What you need to do -> Only the lines from the start of the data below through the line that contains "爱睿系列美式实木衣柜韩式简约卧室蓝色两门儿童整体衣柜CDYG-05L" are to be copied, exactly and without pictures.

Dataset excerpts ->
--

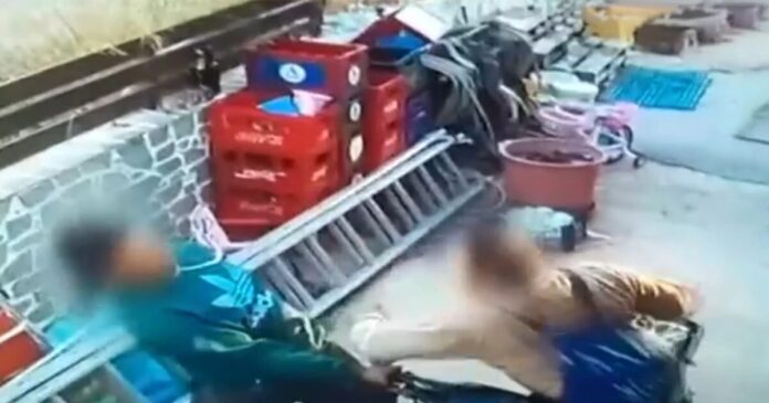 Όπως φαίνεται στο βίντεο, ο ανήλικος, που τότε ήταν 17 ετών, είχε μόλις φτάσει με το μηχανάκι στο συνεργείο, όταν ο πατέρας του τον πλησιάζει και τον χτυπάει στο πρόσωπο, με τον γιο να προσπαθεί να αποφύγει τα χτυπήματα.
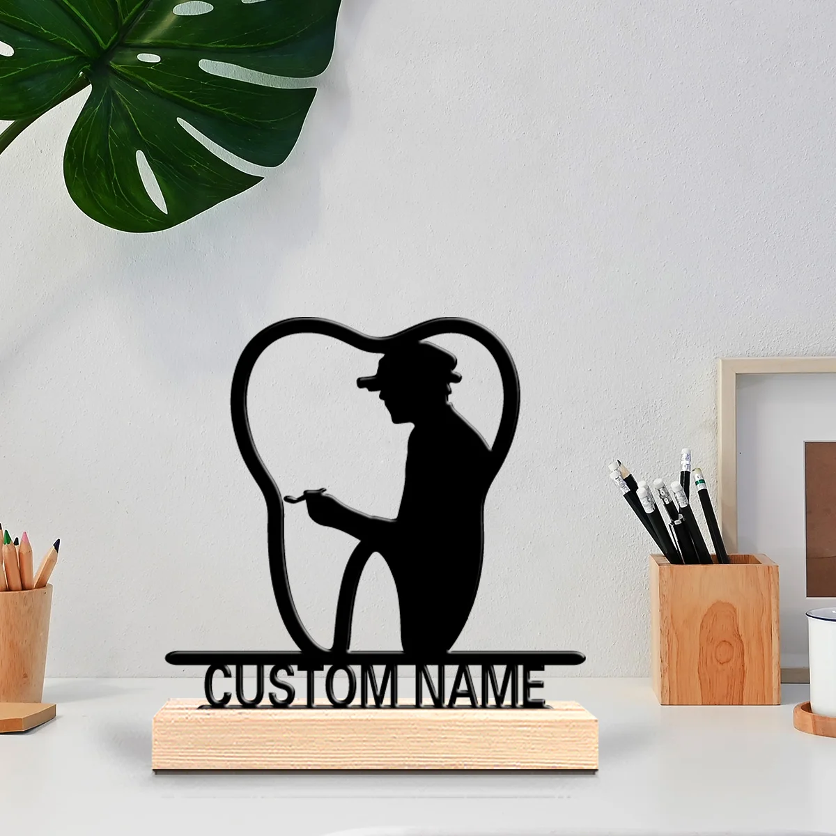 1pc Stylish personalized custom Dentist Metal statues Metal Art with Wooden Base Tabletop Decoration Suitable for doctors, deskt $10.64
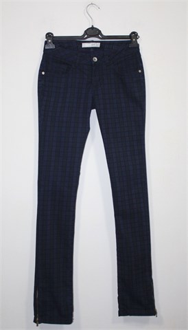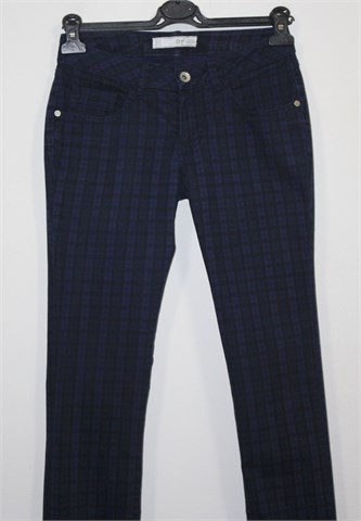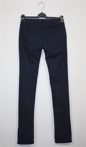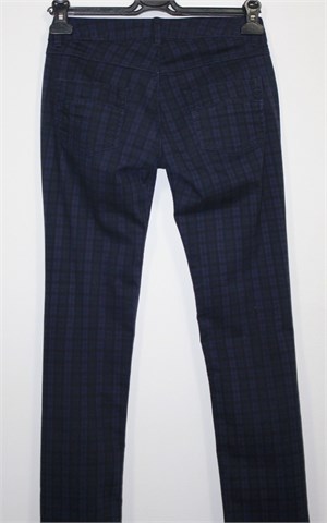 Zara TRF hlače tamno plavo-crne boje (mjestimično blago ispranog izgleda) sa uzorkom (vidljivo na slikama). Prednji cif i kopčanje, pasica za remen. Prednji i stražnji klasični džepovi. Sa vanjske strane nogavica cif. Blago rastezljive.
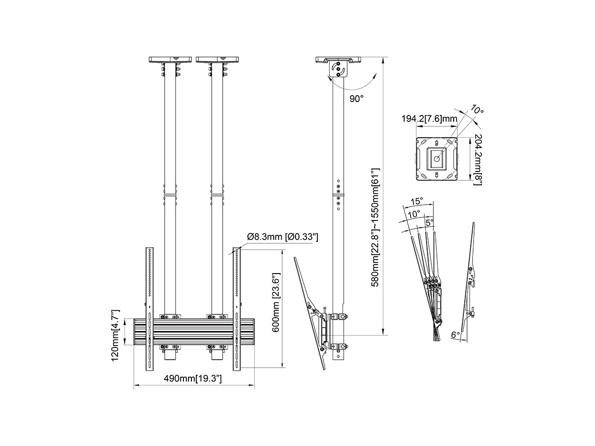 | Pillar length: | Min: 580mm to Max: 1550 mm from ceiling to VESA plate center Extension pipes: 1.5m (800mm*4pcs) included |
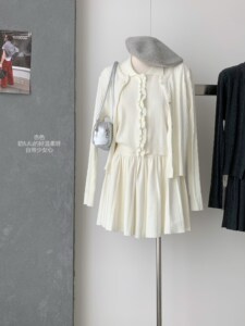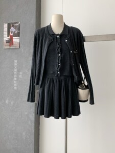 2025秋季学院风三件套 翻领针织背心+百搭开衫+A字百褶短裙子
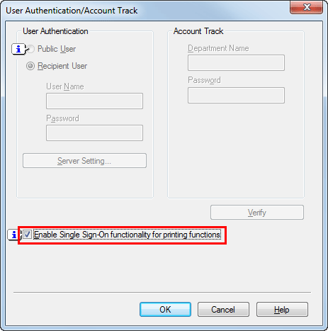 Cochez la case [Activer la fonction Authentification unique pour les fonctions d'impression], et cliquez sur [OK].
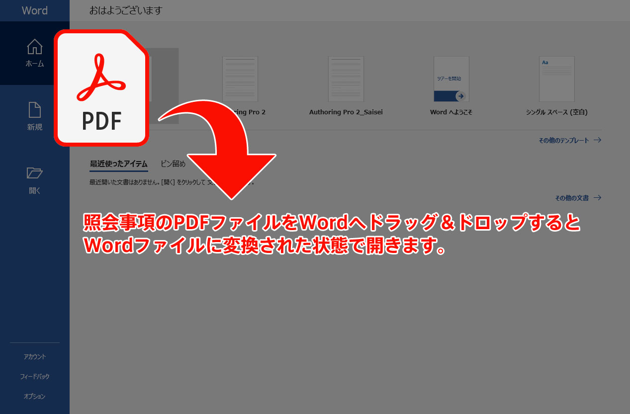 審査当局から送られてくる照会事項のPDFファイルをWordファイルとして開きます。
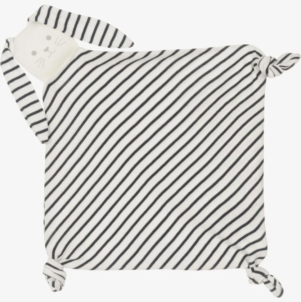Four-piece trouser set for baby boys and girls by classic French brand Petit Bateau, with navy blue and ivory Breton stripes. Beautifully comfortable, it is made in soft organic cotton jersey, with ribbed trims. The top has a cross-over front with a tie and popper fastening, and 'I Love You ♥' printed in red on one side. The white bodyvest has easy-to-use popper fastenings on the side and between the legs, whilst the pull-up trousers have a stretchy, elasticated waist. An adorable, matching rabbit dou dou with knotted corners completes the set.
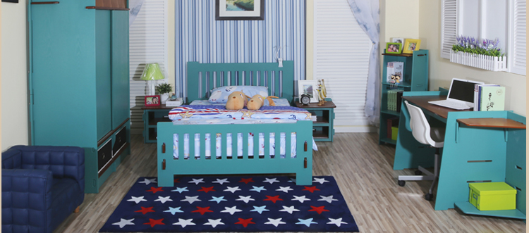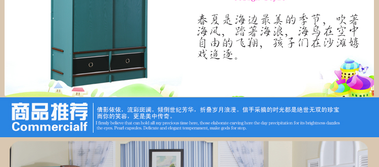 爱睿系列美式实木衣柜韩式简约卧室蓝色两门儿童整体衣柜CDYG-05L
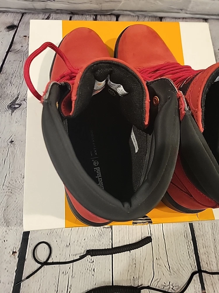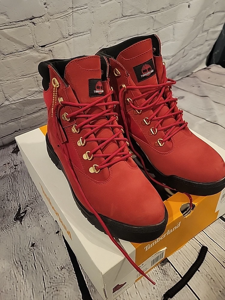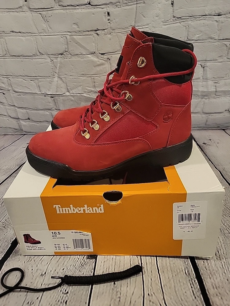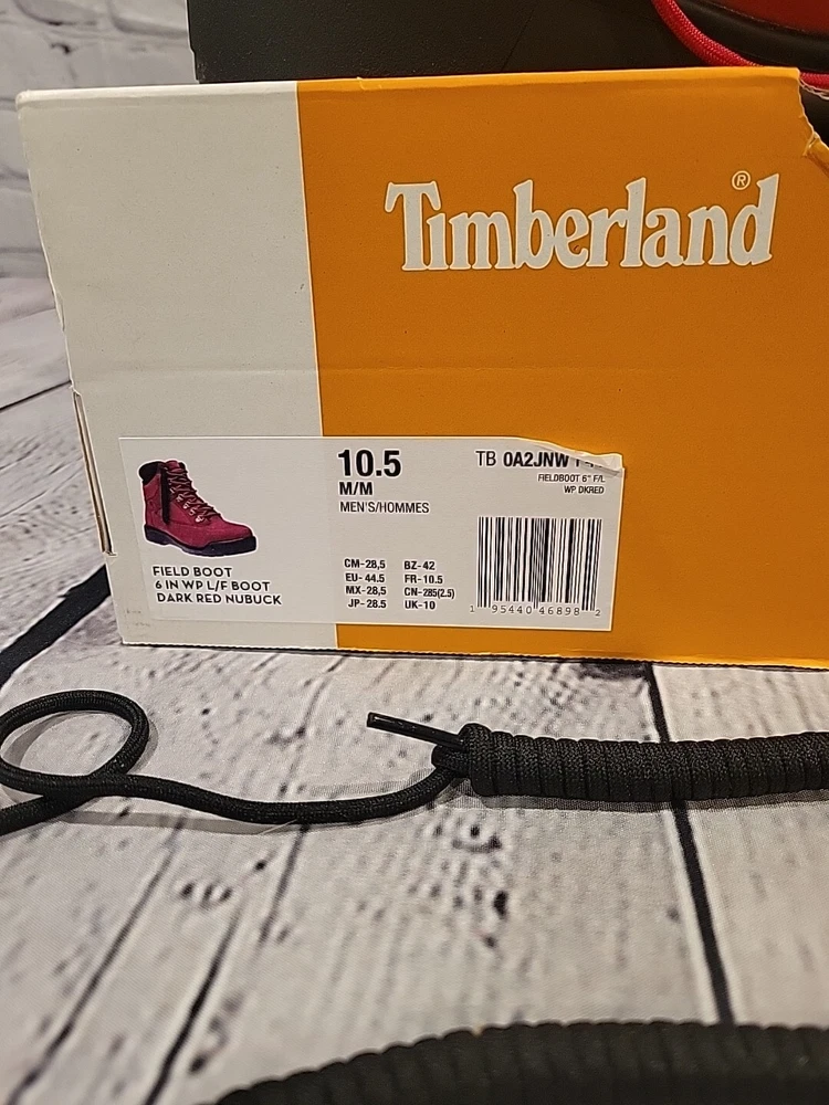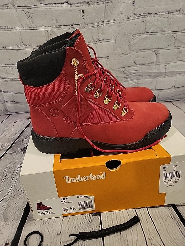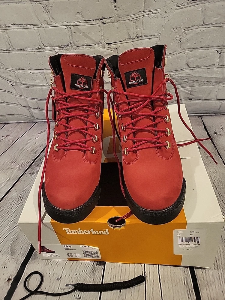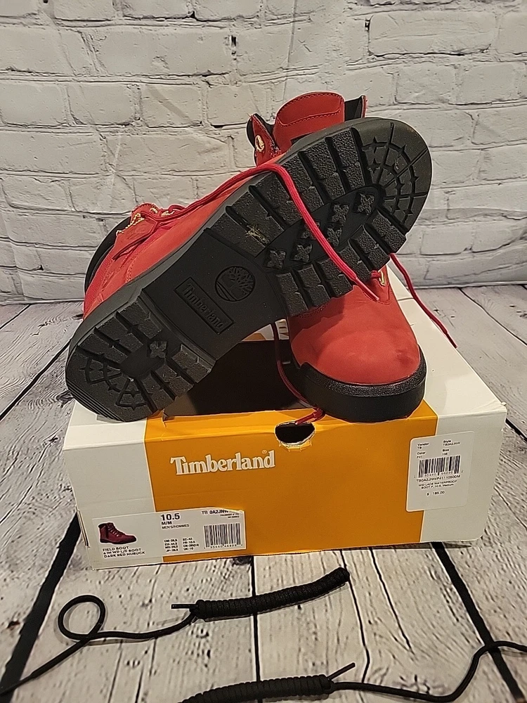 Step into the great outdoors or tackle urban jungles with the robust Timberland 6 In. Field Boot in a striking dark red hue. Crafted from premium nubuck leather, these boots offer durability and a comfortable fit that's ideal for an active lifestyle. The lace-up closure ensures a secure fit, making them perfect for both work and casual wear.The timeless solid pattern and medium-width build cater to a sleek yet versatile aesthetic, complemented by the practicality of a shoe designed for both male adventure-seekers and everyday commuters. The boots are a US size 10.5, and are not customized, ensuring you get the authentic Timberland quality and design intended. PLEASE NOTE: YOU WILL RECEIVE A SET OF BLACK LACES AS WELL TO SWITCH UP IF YOU DESIRE! IF YOU HAVE ANY QUESTIONS PLEASE ASK BEFORE PURCHASE AND I WILL BE HAPPY TO ANSWER. THANKS!
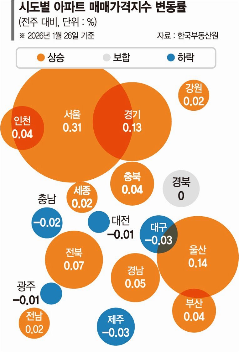 강남 3구(강남·서초·송파구)와 용산구는 5주 연속 하락세를 이어갔습니다. 강남구와 용산구는 하락폭이 커졌지만, 서초구와 송파구는 내림폭이 둔화되는 등 초고가 지역에서 나타나던 일관된 흐름이 다소 흐트러진 모습입니다. 이와 대조적으로 노원구는 0.14%에서 0.23%로, 구로구는 0.14%에서 0.2%로 오름폭이 커지며 외곽 지역의 상승세가 두드러지고 있습니다.
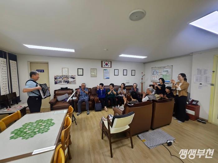 ▲ 어르신이 아코디언을 연주하여 함께 즐기고 있다.

--

Result of this exercise ->
 Όπως φαίνεται στο βίντεο, ο ανήλικος, που τότε ήταν 17 ετών, είχε μόλις φτάσει με το μηχανάκι στο συνεργείο, όταν ο πατέρας του τον πλησιάζει και τον χτυπάει στο πρόσωπο, με τον γιο να προσπαθεί να αποφύγει τα χτυπήματα.
 1pc Stylish personalized custom Dentist Metal statues Metal Art with Wooden Base Tabletop Decoration Suitable for doctors, deskt $10.64
 Zara TRF hlače tamno plavo-crne boje (mjestimično blago ispranog izgleda) sa uzorkom (vidljivo na slikama). Prednji cif i kopčanje, pasica za remen. Prednji i stražnji klasični džepovi. Sa vanjske strane nogavica cif. Blago rastezljive.
 | Pillar length: | Min: 580mm to Max: 1550 mm from ceiling to VESA plate center Extension pipes: 1.5m (800mm*4pcs) included |
 2025秋季学院风三件套 翻领针织背心+百搭开衫+A字百褶短裙子
 Cochez la case [Activer la fonction Authentification unique pour les fonctions d'impression], et cliquez sur [OK].
 審査当局から送られてくる照会事項のPDFファイルをWordファイルとして開きます。
Four-piece trouser set for baby boys and girls by classic French brand Petit Bateau, with navy blue and ivory Breton stripes. Beautifully comfortable, it is made in soft organic cotton jersey, with ribbed trims. The top has a cross-over front with a tie and popper fastening, and 'I Love You ♥' printed in red on one side. The white bodyvest has easy-to-use popper fastenings on the side and between the legs, whilst the pull-up trousers have a stretchy, elasticated waist. An adorable, matching rabbit dou dou with knotted corners completes the set.
 爱睿系列美式实木衣柜韩式简约卧室蓝色两门儿童整体衣柜CDYG-05L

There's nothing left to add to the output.